After a stint on a dating platform, Dyuti Basu concludes that the space between online chats and meeting offline is often filled with awkward conversations and loneliness

A first person foray into the world of online dating
Online Dating

Date number one consists of me meeting up with A at a coffee shop. We had hit it off in the chat-box conversations on Hinge – one of the new apps on the dating block. He's an assistant director, trying to make his mark in Bollywood. We speak of common connections, of on-set anecdotes from movies that straddle the thin line between arty and entertaining. Fittingly, we catch the night show of whatever is playing in the theatres. After the movie, he asks me if I would want to come over for coffee. I decline. "I had a nice time," he says, when he drops me home. So did I, and I tell him so. However, the next day, I text him that I'd rather not meet again. An elusive 'something' was missing.

Online dating solves a few very vital problems in the lives of us urban millennials, chasing the next promotion, better job, bigger apartment. The fuss and frills before asking a person out is cut down to the minimum of a 'like' or 'swipe' followed by a 'match'. Since you can't possibly know if someone's a good person from their profile, you don't quibble about judging them on shallower grounds, whether it's a stellar six-pack, a well-delivered line, or impeccable grammar, semicolons intact.

In a study conducted in England from 2016-17, people between ages 16-24 reported to feeling lonely more often than those in older age groups. Online dating platforms promise to dispel the loneliness, whether it is for one evening, or the rest of your life. The reality, often falls short of expectations, as I experienced during my three-month stint in the world of swipes and likes.

Date number two and I hit it off with sci-fi and fantasy references; the Hinge chat window and then WhatsApp tête-à-tête continues comfortably. We open up about hopes and dreams. Until we meet.

With the shield of the screen no longer between us, we root around for less intimate topics, and hit upon his NGO work and my features writing. We settle on a story I could write for the paper; all romance is lost. I return vaguely disappointed. "You've been journalist-zoned," says my roommate and makes me laugh, as friends are wont to do if they find you brooding about the incongruence between online and offline personas.

Date number three is with a polyamorous poet.
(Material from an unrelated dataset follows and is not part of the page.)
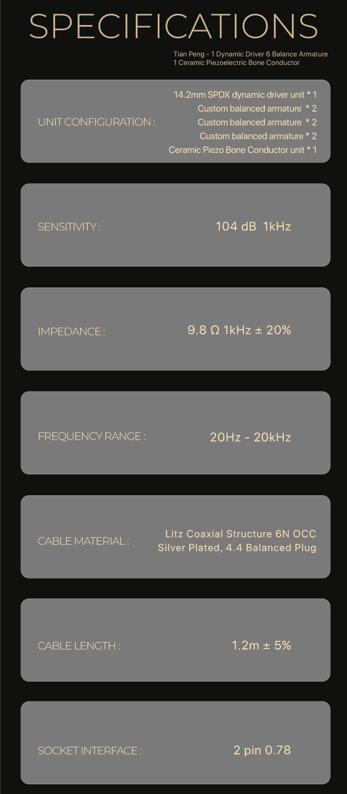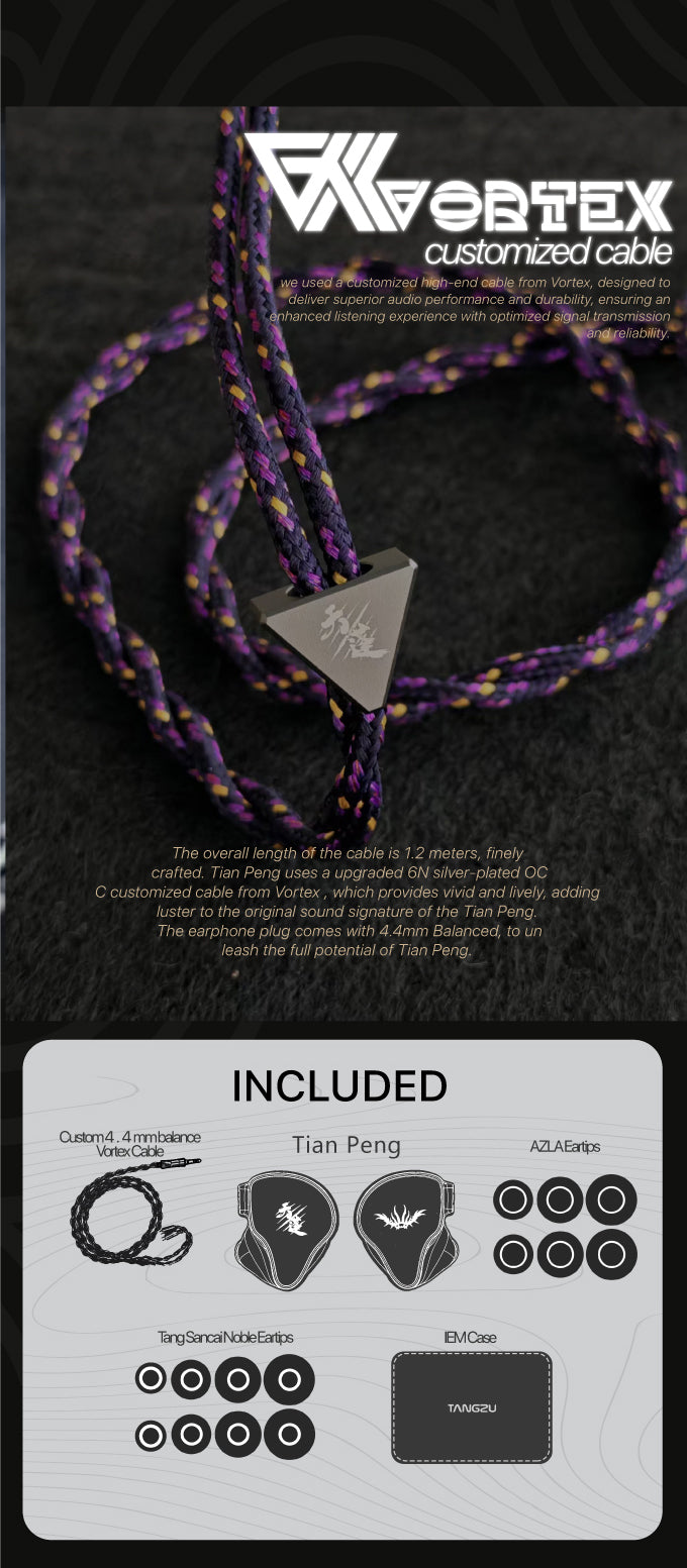 The total length is 1.2 meters and is finely crafted. Tianpeng is equipped with an upgraded version of 6N single crystal oxygen-free copper silver-plated wire, which has a vivid and textured sound and enhances the original sound performance. Equipped with a 4.4mm balanced plug, it fully releases the potential of Tianpeng

Smooth lines and well-placed GIFs comprise our conversation online, witty repartees are exchanged offline, till one day, he vanishes into the ether, just as smoothly as he had slipped into my WhatsApp chats and real life.

Date four is a philanthropist, lives life on his own terms and a considerable amount of it in the mountains. "I wanted to be away from the city hustle," he tells me. I listen with interest. "I'm really glad I met you," he tells me several times over the evening. I smile. I'm glad I gave up a quiet evening with a book for this, I say. After dinner, we walk on the beach for a while. He drops me home in his car, kisses my cheek, bids me goodnight. And never texts or calls again. This is quite common, I am told, when I vent to my friend. 

"You were someone he was glad to meet that night. He may have already started chatting with someone new by the next day." And I realise how problematic it is that we have normalised terms like ghosting (breaking off a relationship by ceasing all communication without warning).

In the brick and mortar world, we go on a date when we like someone, or feel something for them. Online, we go out to see if we will like them. There is freedom in that, just as there is a lack of culpability. There are no questions, no promises. Is that why this generation is the loneliest of them all?